本学OBの河村たかし名古屋市長。2時間に渡り本紙の取材に応じてくれた。

 ──本学商学部を志望した理由は何ですか。
 一浪だったけどね。初めの年は(高校の同級生の)皆が東大を受けるということで、自分も東大の文科二類を受けてやろうと。結果はAランクという僅差1で落ちた。もう一回受ければよかったんだけど、商売屋の息子というのは、(家業を継がなければならないということが)トラウマになっとるもんだで(笑)。それで(商学の)メッカといわれる、本学商学部に行ったわけです。(浪人していたときは)高田馬場に住んどった。高田馬場に一橋学院ってあるじゃないですか。あそこに通って浪人していたんです。

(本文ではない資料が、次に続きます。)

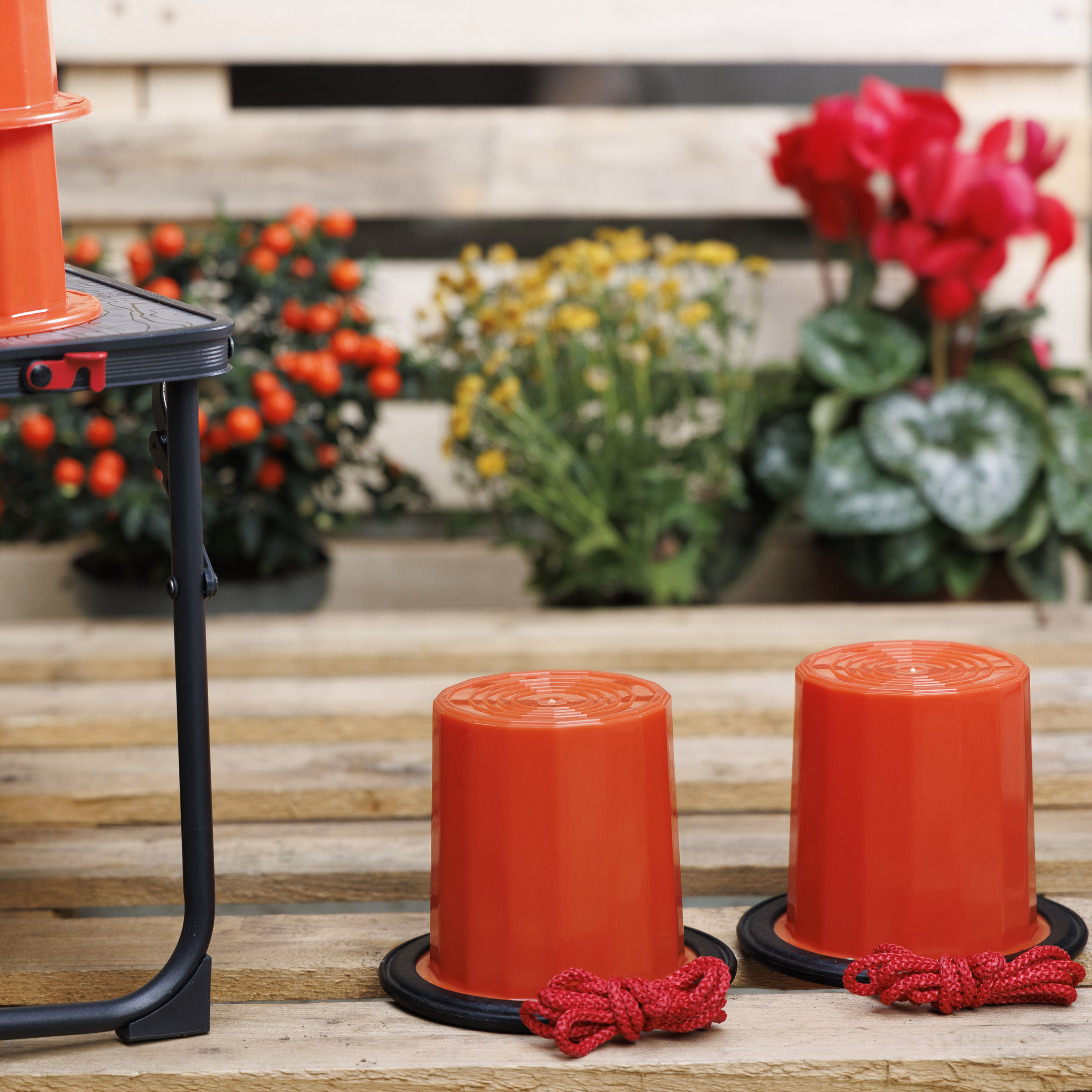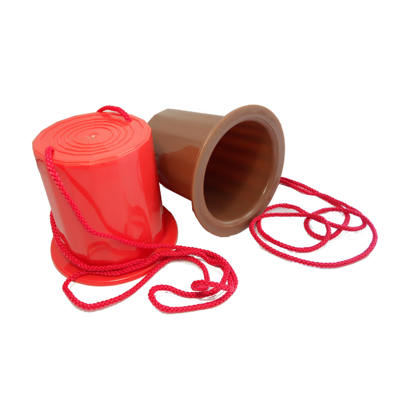 Pair of sustainable plastic balancing stilts for children with rope and non-slip inserts.

 ──卒業して、家業の古紙業をしばらく継いだ後、政治家を目指したきっかけは何ですか。
 家はもともと尾張藩の侍だった。それで親父は「世のため人のためにならにゃいかん」とよく言っとった。それが底流として流れていて。
 商売というのはとにかく、人一倍頭を下げないかんのです。そして人一倍働かないかんのですよ。従業員は4人ほどでしたからね。(卒業後)どこにも就職せず、すぐに家のトラックの運転から始まって。毎日肉体労働に勤しんどったわけです。印刷屋から出る古紙とか、家庭から出る古新聞とか、商売をやっとる人から出る段ボールとか、それらを集めて製紙会社へ運ぶ仕事なんだけど。これがなかなか疲れるんですよ。そうした中で、当時はオイルショックで古紙が全く売れんようになったこともあり、このままではちょっといかんと考えた。
 そこで、世の中で一番威張れる仕事は何かと考えて(笑)、検察官を目指したわけです。それで司法試験の勉強のために、中京法律学校(現中京法律専門学校)に夜学で通った。昼間は仕事をせないかんし、結婚して子どももおったんでね。(その結果)一年ほどで択一は受かったんだけど、論文で落ちてしまった。択一はトータルで4回受かったんですけど。そこで挫折したんですよ。仕事もやらないかんでね。その経験が、人生の第一選択肢でなかったものにも、挑戦できるような制度を作ろうという考えにつながった。そのためには政治家を目指すしかないと。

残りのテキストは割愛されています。